The Vancouver retail CRE sector is ‘roaring back’

IMAGE: IMAGE: Colliers' Retail is Roaring Back report cites low vacancy and rising leasing rates in the region. (Courtesy Colliers)A Colliers report paints a rosy picture for retail commercial real estate in Greater Vancouver, with the regional vacancy rate at an “extreme low” of 2.5 per cent and the prospect of rising asking rents.

Entitled Retail is roaring back, the report cites a vacancy rate of 2.5 per cent in the urban area and 2.3 per cent in the suburbs. It does, however, note vacancy in the Central Business District is higher due to delays in getting large numbers of workers and conferences back into the core, but says “this is changing at a rapid pace.”

The report also states net rents continue to rise, though there are many factors for this and demand is just one of those conditions.

“Somewhat surprisingly, average net rental rates rose during the course of the COVID-19 pandemic in most markets. Today, with high inflation, rising interest rates and construction costs, most landlords are increasing net rents as much as the market will permit,” the report states.

Highest downtown rents $180-$240 per sq. ft.

In the most coveted spots along areas like Robson Street or Alberni Street in the downtown, net rents can range as high as $180 to $240 per square foot.

“The areas with the highest tenant demand tend to have a greater density of residential in the vicinity: Mount Pleasant, Kitsilano, and South Granville being indicative of this,” the report observes.
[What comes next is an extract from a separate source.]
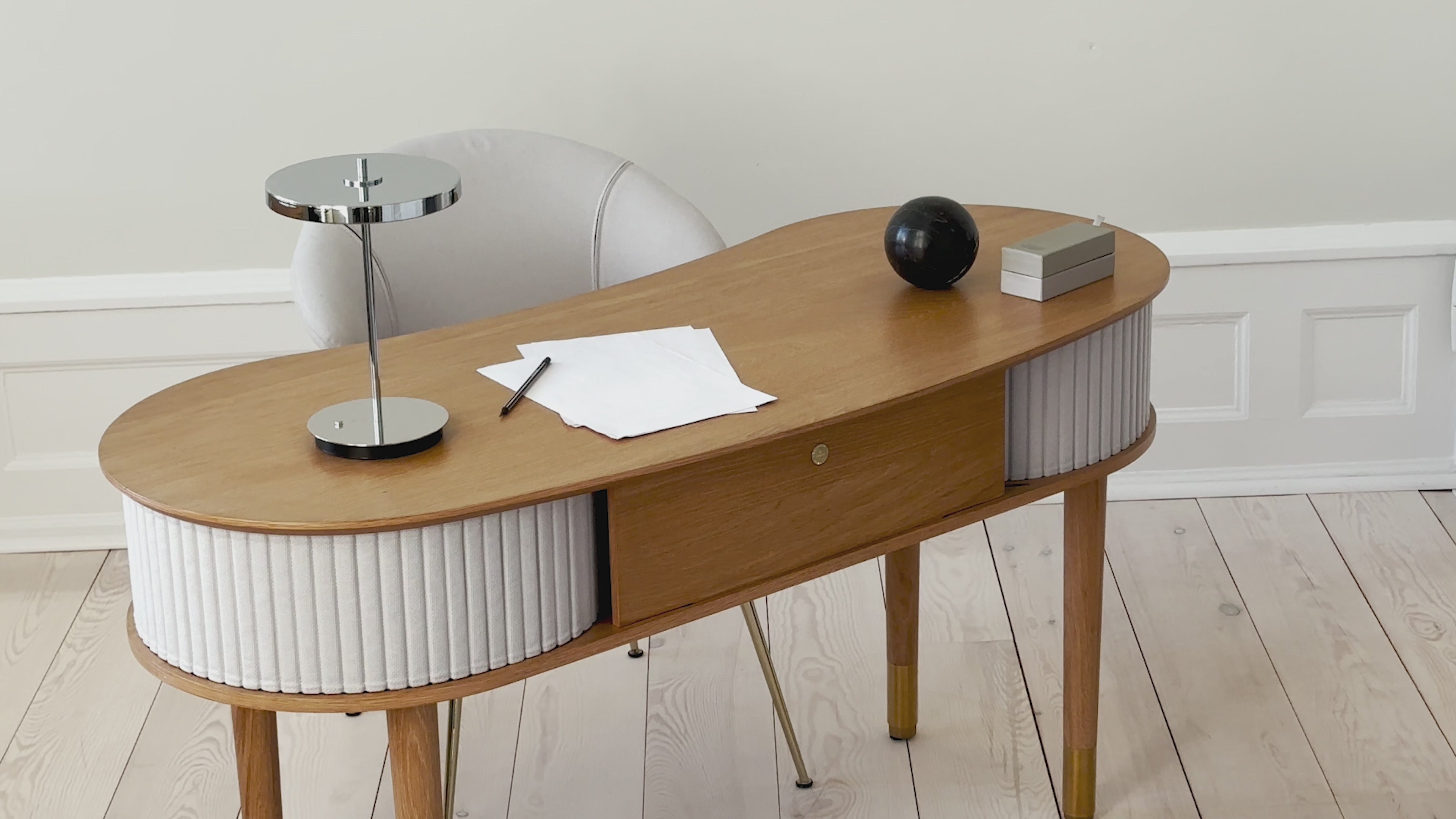 The Audacious desk is a timeless desk with details that enhance productivity and declutter the workspace. The curved, organic silhouette of the desk evokes a sense of Nordic grace, while the sliding fabric tambour doors add a touch of modern nostalgia, creating a seamless transition between past and present.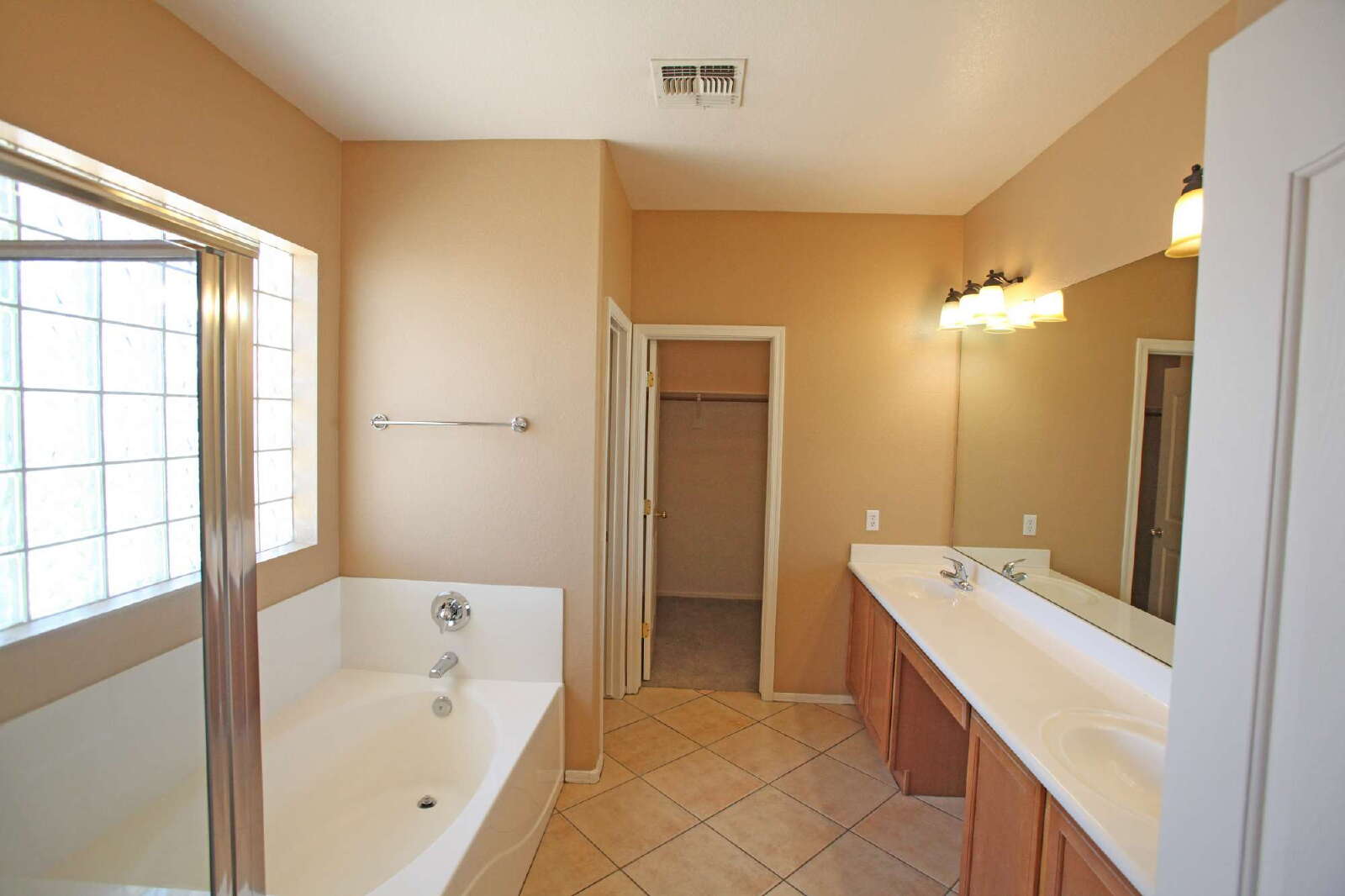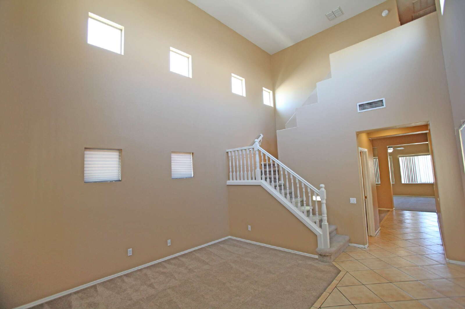 Large 3 Bedroom Home With 2.5 Bathrooms, Enter Into A Large Living Room With A Soaring Ceiling, 18-inch Tile Flooring Leads To A Large Kitchen With Center Island And Black Appliances, Built-In Microwave, Range/Oven, Dishwasher, Refrigerator, Spacious Dining In Kitchen Area, Separate Formal Dining Room, Large Family Room, Ceiling Fans, Laundry Room With Storage Area, Upstairs Spacious Standard Bedroom, Double Sink Vanity Hall Bathroom, Large Master Suite, Master Suite Bathroom Includes Separate Shower & Soaking Tub, Double Sink Vanity With Counter Sitting Space, Walk-In Closet. Covered Patio, Desert Landscaping, Private Courtyard With Covered Patio.

“By way of example, pre-COVID we were seeing net rents in the prime blocks of Main Street in the $50 PSF/per annum range. Today those net rents are solidly in the $60 PSF/per annum range and quickly approaching $70 PSF/per annum.

“Meanwhile, downtown locations, such as Robson Street and Alberni Street have experienced uneven recovery from block-to-block. The 1000 block of Robson remains in high demand with a 2.2 per cent vacancy rate and median net rents estimated between $180 – $240 PSF/per annum.

“On the other hand, the 1100 block of Robson remains in a transition from middle of the market fashion retailers to other types of retail including discount and specialty retailers, a trend that started long before the COVID-19 pandemic, and has a much higher vacancy rate of 9.0 per cent and median net rents estimated between $75 – $125 PSF/per annum.”

The lowest urban vacancy is in Kerrisdale and the Alberni District (Burrard to Thurlow), where no space is available.

Strong suburban pockets

A number of suburban areas have net rents ranging from $45-$60 (North Shore), $40-$60 (Vancouver) or $35-$65 (Burnaby).

“As we experience a prolonged low vacancy environment, tenants looking to locate in suburban areas are having challenges finding options,” the report notes. “As a result, we are seeing the focus of demand shift to projects yet to be constructed, instead of existing properties.”

There is no space available in several suburban sub-markets, including Coquitlam, Delta, Maple Ridge/Pitt Meadows and Abbotsford.

While government aid kept the bricks-and-mortar retail sector breathing during the shutdowns and the darkest days of the pandemic, the ending of virtually all restrictions has kicked consumer activity back into high gear. This is especially true for some of the hardest-hit sectors.

“Retailer categories that were hurt considerably included: full-service restaurants, health and fitness establishments, pubs and night clubs,” the report states. “Since the easing of restrictions in February 2022, full-service restaurants and pub operators have seen sales dramatically increase, with one remarking ‘it’s like the 2010 Olympics’.

“Health and fitness operators are once again seeking leasing opportunities as evidenced by competing offers to backfill space left vacant as a result of business closures during the COVID-19 pandemic.”

Major retail construction projects

On the construction front, about six million square feet of retail expansions and new projects are scheduled to be delivered between 2022-2024. About 2.2 million square feet of that is to be delivered this year, including 1.1 million square feet at Shape Properties’ The Amazing Brentwood in Burnaby.

Also being delivered this year is about 437,000 square feet at PCI Developments’ Cottonwood Centre in Chilliwack. PCI is also planning to complete 264,000 square feet at The Hub in Surrey.

Although some projects are strictly retail, a significant amount of the planned new space will come as a result of mixed-use projects, often with large residential components.

“This low-vacancy environment, coupled with the continued demand for housing in the case of mixed-use developments, has translated into a new development cycle. Numerous projects are currently under construction or being planned,” the report states.

However, inflation, rising interest rates, supply chain and construction labour issues, government regulations (i.e. rent controls, etc.) and other factors could affect some of these projects.

“A shortage of land and high prices is pushing developers to be more efficient with the limited development sites they have, resulting in more mixed-use developments in the suburbs, following the well-established urban trend.”